How feelc fares against the official DMN Technology Compatibility Kit (TCK) and against six other rule engines, measured by re-running their own test suites / scenarios through feelc.

The headline: the engine is never wrong on a feature it supports. It computes the correct answer or honestly refuses an out-of-scope construct. The former DMN-import fidelity gaps (OUTPUT ORDER, PRIORITY) are now closed (ADR 0021 — 7/7 hit policies), so every remaining non-pass is a deliberate refusal. feelc's omissions are deliberate exclusions (unbounded lists/iteration, loop-until-fixpoint, string/regex) — consistent with being a total, deterministic, verifiable evaluator.

Official DMN TCK (OMG conformance suite)

Run with feelc's built-in conformance runner — feelc tck --suite <dir> — which imports each .dmn, compiles it, and checks every <testCase> against the TCK's own expected results (exact-decimal equality). Conformance % = passed / (passed + failed); out-of-subset cases are honestly skipped.

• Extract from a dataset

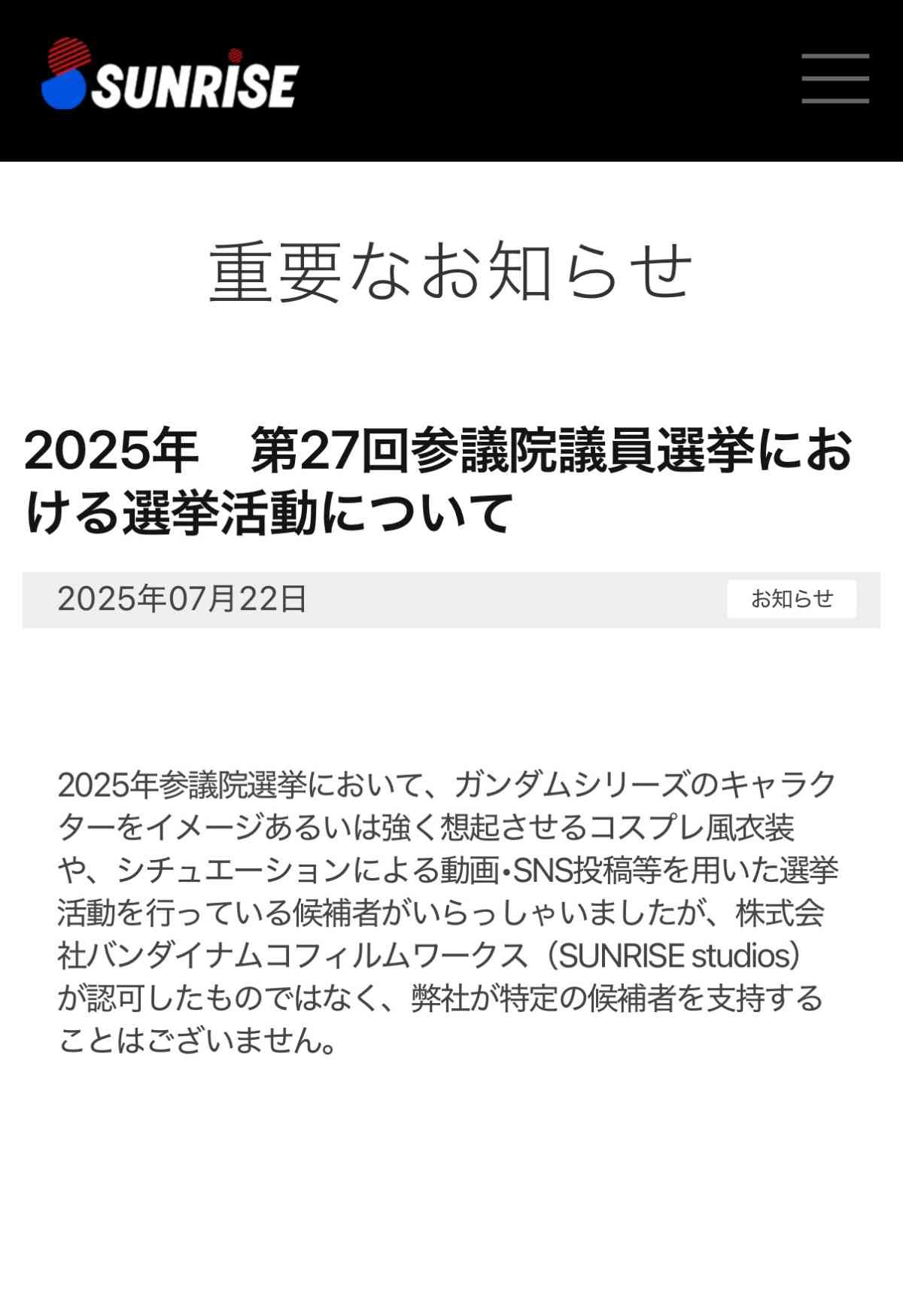 - は?マジかよ!サンライズのためにれいわに投票したのによぉ!!!詐欺じゃねぇかよ!

Suite	Passed	Failed	Skipped	Conformance
Compliance level 2 (decision tables)	53	10	63	84.1%
Compliance level 3 (full FEEL)	0	3	3366	0% (deliberate subset)
Non-compliant (should be rejected)	—	—	—	rejects the recursion / string-function models

Level 2 (feelc's core): 84.1% at the last full upstream-TCK run — and of the 10 non-passing cases, none is a wrong value for a supported feature. 7 are honest refusals of out-of-scope constructs (string concatenation, ** power [use power(x, n)], full Kleene null logic, a .872 leading-dot literal, a spaced FEEL name).
- The other 3 were hit-policy import limitations — now closed (ADR 0021): DMN OUTPUT ORDER is a first-class hit policy (hit: output order) and DMN PRIORITY / OUTPUT ORDER import faithfully (reading <outputValues> into a priority: line) instead of degrading to FIRST. feelc now supports 7/7 DMN hit policies. (The headline Level-2 % above predates this and will rise on the next full upstream-TCK run; the fixes are locked by internal/dmnxml/import_test.go and internal/engine/hitpolicy_test.go.)
Level 3 (full FEEL): feelc is a deliberate subset — for/some/every, lists, string functions, time-of-day, etc. are out of scope, so the runner honestly skips them (3366 skipped) rather than faking conformance. It still never returns a wrong value.
Non-compliant: feelc correctly rejects the recursion / string-function models.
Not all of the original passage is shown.